Gov’t establishes Trust for Coral Gardens 1963 Rasta victims
KINGSTON, Jamaica— The Trust Fund for victims of the 1963 Coral Gardens incident has now been established.
According to the Ministry of Culture, Gender, Entertainment and Sport, portfolio minister Olivia Grange, signed the document on Thursday to officially establish the Rastafari Coral Gardens Trust.
The ministry said the Trust will be managed by the Administrator General of Jamaica.
Prime Minister, Andrew Holness during an official apology to victims of the 1963 incident, in April 2017, gave a commitment to the establishment of the Trust.
“I come humbly, as representative of this Administration, to take steps to right a wrong. We acknowledge that for 56 years, you — our Rastafari brothers and sisters — have lived with the physical, psychological and emotional scars of that incident at Coral Gardens and the atrocities you experienced over the years. We also know that you feel that successive governments have let you down by not sufciently acknowledging what you have been through. We are taking steps to change that,” Grange said during the ceremony.

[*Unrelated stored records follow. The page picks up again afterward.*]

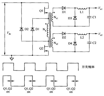 | 基本原理 電源適配器雙端正激變換器拓?fù)淙鐖D所示的單管單端(以下簡(jiǎn)稱單端)正激變換器使用單個(gè)開關(guān)管不同,雙端正激變換器使用兩個(gè)開關(guān)管,且這樣有顯著的優(yōu)點(diǎn)。即關(guān)斷時(shí),每個(gè)開關(guān)管僅承受一倍直流輸入電壓(單端正激變換器中為兩倍直流輸入電壓)。另外,關(guān)斷時(shí)也不出現(xiàn)漏感尖峰。 曾指出,考慮到15%的瞬態(tài)誤差、0%的穩(wěn)態(tài)誤差和30%的漏感尖峰,交流輸入為額定電壓120V的單端正激變換器的關(guān)斷電壓應(yīng)力高達(dá)550V。 盡管許多雙極型晶體管額定V。高達(dá)650V甚至850V,能夠承受這樣的電壓應(yīng)力,但使用只承受一半關(guān)斷電壓應(yīng)力的雙端正激變換器要更可靠。可靠性是開關(guān)電源適配器設(shè)計(jì)中重要的考慮因素。若權(quán)衡可靠性與原始成本,則較好的、從長(zhǎng)遠(yuǎn)看也是較經(jīng)濟(jì)的選擇是可靠性。 而且,對(duì)于用于歐洲市場(chǎng)的電源適配器(那里交流電壓為220V,整流后額定直流電壓約為308V),根本不能使用單端正激變換器,因?yàn)殚_關(guān)管關(guān)斷時(shí)電壓應(yīng)力太大。用于歐洲市場(chǎng)的產(chǎn)品,只能采用雙端正激變換器、半橋或全橋電路。 下面來樣定做電源適配器雙端正激變換器的工作原理。如圖所示,Q1和Q2分別串接于變壓器初級(jí)的頂端和底端。兩個(gè)開關(guān)管同時(shí)導(dǎo)通和關(guān)斷。當(dāng)它們導(dǎo)通時(shí),所有初級(jí)和次級(jí)的同名端為正功率傳遞給負(fù)載。當(dāng)它們關(guān)斷時(shí),存儲(chǔ)于們勵(lì)磁電感上的電流使所有繞組電壓極性反向。Np的同名端電位被二極管D1鉗位至地電位。N的異名端電位被二極管D2鉗位于Vdc。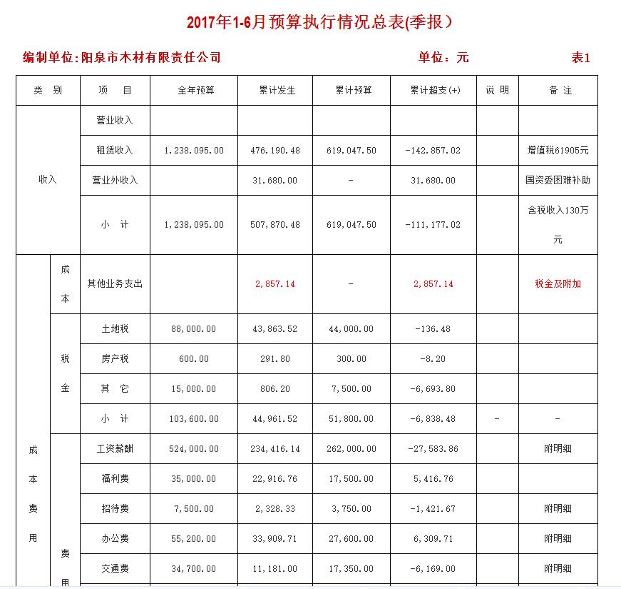 木材公司2017年上半年預(yù)算執(zhí)行情況說明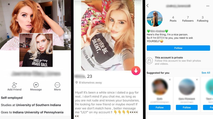 Đó có thể là một cô nàng "Khira" trên Tinder hay "Andrea" trên Instagram hoặc "Jasmine" đến từ Facebook, với hình ảnh tất tần tật thuộc về Jessica.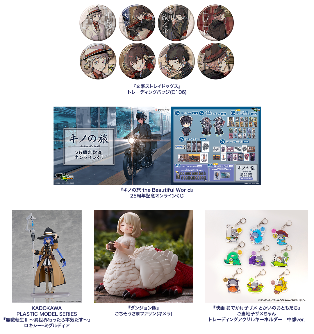 KADOKAWAグループのアニメ、書籍、コミックなどのIPの最大化の一環として、MDの自社展開や他社へのライツアウトを行っています。国内外で人気の高い缶バッジ、フィギュア・プラスチックモデルなどのグッズから、アパレル、文具、菓子まで幅広く企画し、直営ECストア、オンラインくじストア、アニメ専門店、書店、イベント物販など、国内のみならず、全世界に向けてグローバルな販売を行っています。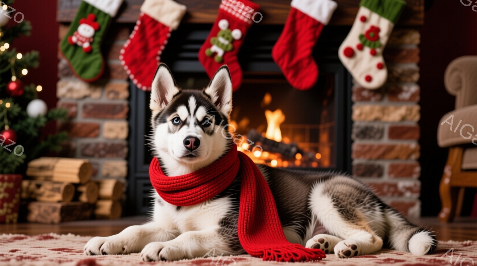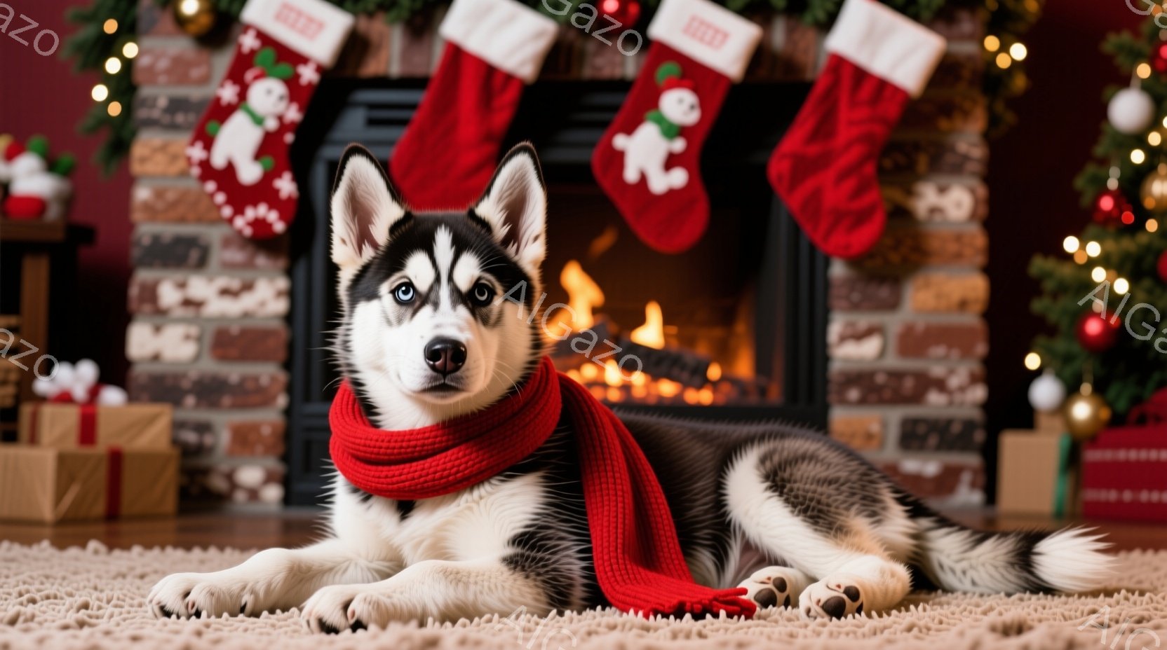 白黒のハスキーの子犬が、赤いマフラーを巻いて赤い絨毯の上に横たわっています。背景には暖炉があり、火が燃え、クリスマスソックスとプレゼントが並んでいます。全体的に温かく、お祝いの雰囲気が漂っています。

Grange, who also has responsibility for Reparations, said she hoped that the establishment of the Trust would help make amends for what happened in 1963 and assist in repairing the relationship between Rastafarians in Jamaica and their government.
In 2018, the ministry transferred $12.7 million to the Administrator General to establish the Trust Fund.
The Public Defender had proposed a Trust Fund of no less than J$10 million.
Brother Fray, who’s been a Rastafarian for more than 60 years, on Thursday said he was happy that the survivors of the Coral Gardens incident were finally getting justice.
He prayed that “Jah, Ras Tafari, would bless us all and keep us together as one people; and unite our hearts in truth and in righteousness, in love and in purity.”
Secretary of the Rastafari Coral Gardens Benevolent Society, Sister Pamela Williams, hailed Thursday’s signing ceremony as the culmination of decades of activism by Rastafarian groups for redress.
“We’re very grateful for this moment where we’re signing the document to establish the Trust Fund from which the compensation will be paid to the survivors; it’s a big moment,” said Williams.
Rodje Malcolm, Director of Jamaicans for Justice, which represented the Rastafari Coral Gardens Benevolent Society in the discussions with the ministry regarding the Trust, described the signing ceremony as “a historic moment of acceptance on the part of the State by the present government that what happened in 1963 and afterwards was a gross violation of human rights that should never have occurred… it took 54 years for a government to say that we accept that we did something wrong.”
Grange said the government was committed to a programme of reconciliation with the Rastafari community.